— А жаль, — ничуть не расстроился он. 

Ответ Инночки утонул в шуме прозвеневшего звонка, а весь класс ломанулся на выход. Одна лишь я задержалась возле учительского стола.

— Чего тебе, Соня? — устало спросила англичанка, закидывая вещи в свою сумку.

— А у меня точно пять? — глупо уточнила я.

Она пожала плечами, придвинув мне пачку самостоятельных, мол, смотри сама.

На листочке с моей работой ожидаемо красовалась красная двойка. Я уже собиралась сообщить об этом (не то чтобы я за честность, просто бытовая глупость — моя коронная черта), но вовремя обратила внимание на уголок листа, где вместо фамилии «Романова» чёрным маркером было подписано: «Ромочка».  

 

***

Следующий день начался с грандиозных планов поймать Чернова перед уроками и выяснить, что это было. Гордость буквально требовала во всём признаться Инне Алексеевне. Окажись на её месте Маргарита Дмитриевна, которую ни в коем случае не хотелось обманывать, я бы, наверное, так и поступила. Но Инночка и близко не походила на нашу классную, и я была более чем уверена, что ей плевать на то, кто из нас как учится. Ну или же я себя таким образом просто успокаивала.

В школу пришла с шоколадкой в кармане, спустив на неё те самые сто рублей, отложенные на поход к парикмахеру, и убеждая себя в том, что элементарно не хочу быть обязанной ему. Долго топталась у входа, выглядывая знакомую фигуру. Фигура появилась ближе к звонку, правда, не одна, а в большой и шумной компании, что явилось для меня полной неожиданностью. Их было шестеро — четверо парней и две белокурые близняшки с огромными портфелями, которые бывают только у первоклассников. Парни совершенно случайно тоже оказались знакомыми… все. И если с Кириллом было всё понятно, то присутствие двух старшеклассников, с которыми я не так давно столкнулась в коридоре, меня несколько обескуражило. 

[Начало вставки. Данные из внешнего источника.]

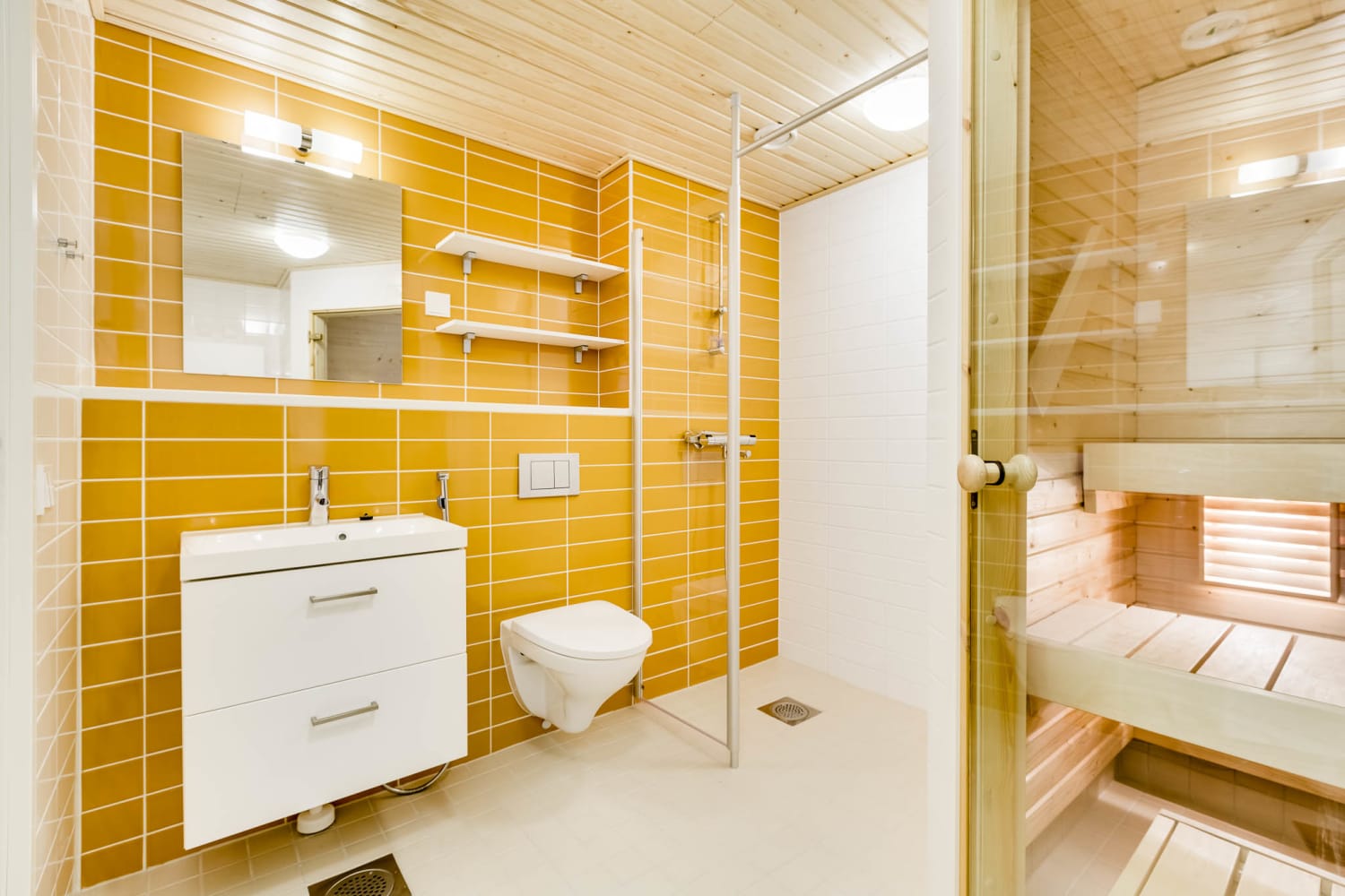 The floors of the fresh-toned apartment are wide laminate planks resembling pine shades. The kitchens feature white cabinets and light oak-coloured laminate countertops with built-in stainless steel sinks. The space between the cabinets and the counter is tiled with white tiles. The kitchen is equipped with a stove, dishwasher, freezer-refrigerator, and a microwave reservation. The appliances are white. The bathroom has large white wall tiles, complemented by a yellow-tiled accent wall. The floor tiles are beige. There is provision for a washing machine and tumble dryer.

Я даже за угол спряталась, чтобы без всякого зазрения совести наблюдать за ними. 

Они смотрелись забавно. Впервые я видела жизнерадостного Рому. Не притворяющегося, что он обычно с успехом проделывал в присутствии одноклассников, а действительно довольного и весёлого. Даже черты его лица казались не столь резкими. Не знаю, насколько моё мнение разделял Стас — а это был именно он, — судя по всему, его-то как раз порядком раздражали действия (или слова) Ромы. В этот момент мне даже захотелось подойти и похлопать его по плечу в знак солидарности.

Человек со странным именем Дам стоял здесь же и с неприкрытым снисхождением поглядывал на своих спутников, параллельно помогая девочкам, которые старательно переобувались, — держал их ранцы.

Неизвестно, сколько бы я ещё подглядывала за ними, если бы в кармане джинсов не зазвонил телефон.

Удивительно, но звонила мама. Обычно у неё были проблемы с техникой. Хотя, будем честны, с чем именно у неё не бывало проблем?

— Да, — не совсем приветливо буркнула в трубку.

— Сонечка, — не очень внятно проговорила она, — ты покушала? Тепло одета? У тебя хорошо всё ли? 

Вопросы сыпались как из рога изобилия, слова путались местами, а темп речи скакал то вверх, то вниз, вызывая во мне жгучее желание зажмуриться. Отмахиваться от мысли, что матери становится хуже, становилось всё труднее.

— Всё хорошо, — отчеканила я, чувствуя, как тяжелеет челюсть, будто в нежелании отвечать.

— А хочешь сладенького я тебе сегодня куплю? Девочкам маленьким есть надо хорошо…

— Нет, мам, не хочу.

— Но если они придут за тобой?

— Ма, кто «они»?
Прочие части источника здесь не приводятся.